When petitioners failed to pay the balance of the loan and


thereafter failed to redeem the properties, title to the property
had already been transferred to respondent PDCP Bank.
Respondent PDCP Banks right to possess the property is clear
and is based on its right of ownership as a purchaser of the
properties in the foreclosure sale to whom title has been
conveyed.

Second. Indeed, it is the ministerial duty of the trial court to


grant such writ of possession. In Sulit v. Court of Appeals, the
rule was applied in this manner:

No discretion appears to be left to the Court. Any question


regarding the regularity and validity of the sale, as well as the
consequent cancellation of the writ is to be determined in a
subsequent proceeding as outlined in Section 8, and it cannot
be raised as a justification for opposing the issuance of the writ
of possession since, under the Act, the proceeding for this is ex
parte. Such recourse is available of the mortgagee, who effects
the extrajudicial foreclosure of the mortgage, even before the
expiration of the period of redemption provided by law and the
Rules of Court.

This is stated also in A.G. Development Corporation v.
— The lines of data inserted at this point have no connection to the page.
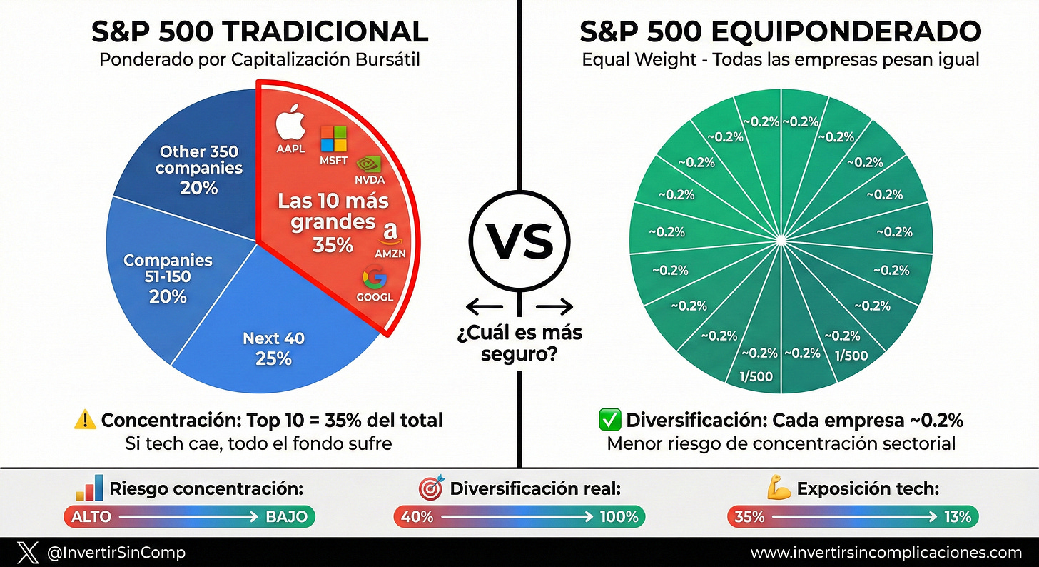 Sin embargo, existe un riesgo importante que muchos principiantes ignoran: la concentración excesiva en los índices tradicionales ponderados por capitalización.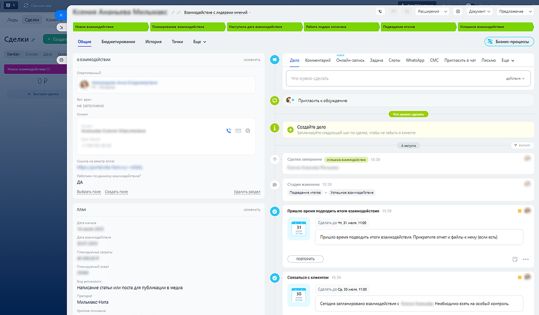 Отдельно отмечу работу с opinion-лидерами — всё работает в штатном режиме, просьб и доработок нет, мы полностью довольны. Большим результатом стала кастомизация модуля «Задачник» — мы полностью перешли с Elma на Битрикс, и сейчас у нас много планов по автоматизации и развитию интеграции с 1С. Проект с фиксацией геолокации и выстраиванием отдела продаж МДЖ находится на стадии обучения сотрудников и внедрения.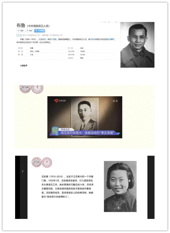 活动主要由六位同学分享隐秘战线故事:杨慧同学介绍了中共隐秘战线的“龙潭三杰”之一的钱壮飞,他1929年底打入国民党中央组织部党务调查科,任调查科主任徐曾恩的机要秘书 ,1931年4月25日,及时获知顾顺章叛变的绝密消息,为保卫中共中央机关的安全做出了重大贡献。殷瞳瞳同学介绍了雨花英烈徐楚光,他从事情报和策反工作20年,成功策动桂系军阀反蒋及汪伪政府警卫三师起义、创建湘鄂民主联军等,为共产党立下不朽功勋,1948年被叛徒出卖,于雨花台英勇就义。杨小丫同学介绍了被誉为“按住蒋介石脉搏的人”的沈安娜,她1935年打入国民党浙江省政府任速记员,长期潜伏沉着应战14年,历经多次暴露风险,为我党提供国民党各方面高层内幕情报。赵余好同学介绍了同样作为中共隐秘战线的“龙潭三杰”之一的李克农,他是我党我军隐蔽战线的卓越领导者和组织者,在长期的革命生涯中,他以对党无限忠诚和高度负责的精神,在关键时刻向党中央提供了决策性情报,为中国人民的解放事业作出了重大贡献。胥琦同学介绍了被毛泽东称赞为“延安的福尔摩斯”的陈泊,1938年他创办了延安保安处第一期侦察情报干部特训班,1942年他一手破获国民党军统“汉中训练班”大案,共抓获已潜入边区的汉训班特务51人,逃跑6人,暴露出特务线索150余条,这是抗战时期延安破获的最大的国民党特务组织。焦敬雅同学介绍了年仅24岁就壮烈牺牲的张露萍,1940年她身份暴露被捕,戴笠对她用尽酷刑,却也未能得到任何关于党的机密。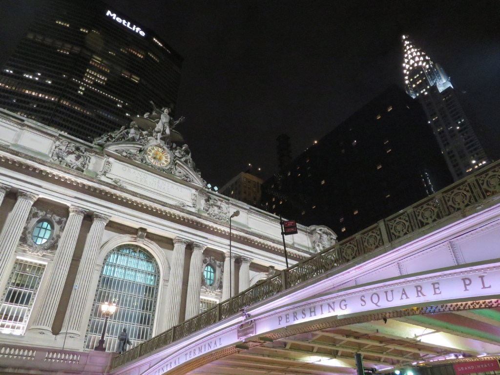 Exterior of Grand Central at night, with the MetLife and Chrysler buildings looming overhead. I took this as we left The Campbell, an opulent cocktail bar inside the station with cool live jazz.

Court of


Appeals:

A writ of possession is generally understood to be an order


whereby the sheriff is commanded to place a person in
possession of a real or personal property, such as when a
property is extrajudicially foreclosed. In this regard, the
issuance of a writ of possession to a purchaser in an

extrajudicial foreclosure is merely a ministerial function. As


such, the Court neither exercises its official discretion nor
judgment.

Third. The statute books are replete with jurisprudence to the


effect that trial courts have no power to interfere by injunction
with the orders or judgments issued by another court of
concurrent or coordinate jurisdiction. In this regard, RTC Branch
56 therefore has no power nor authority to nullify or enjoin the
enforcement of the writ of possession issued by RTC Branch 28.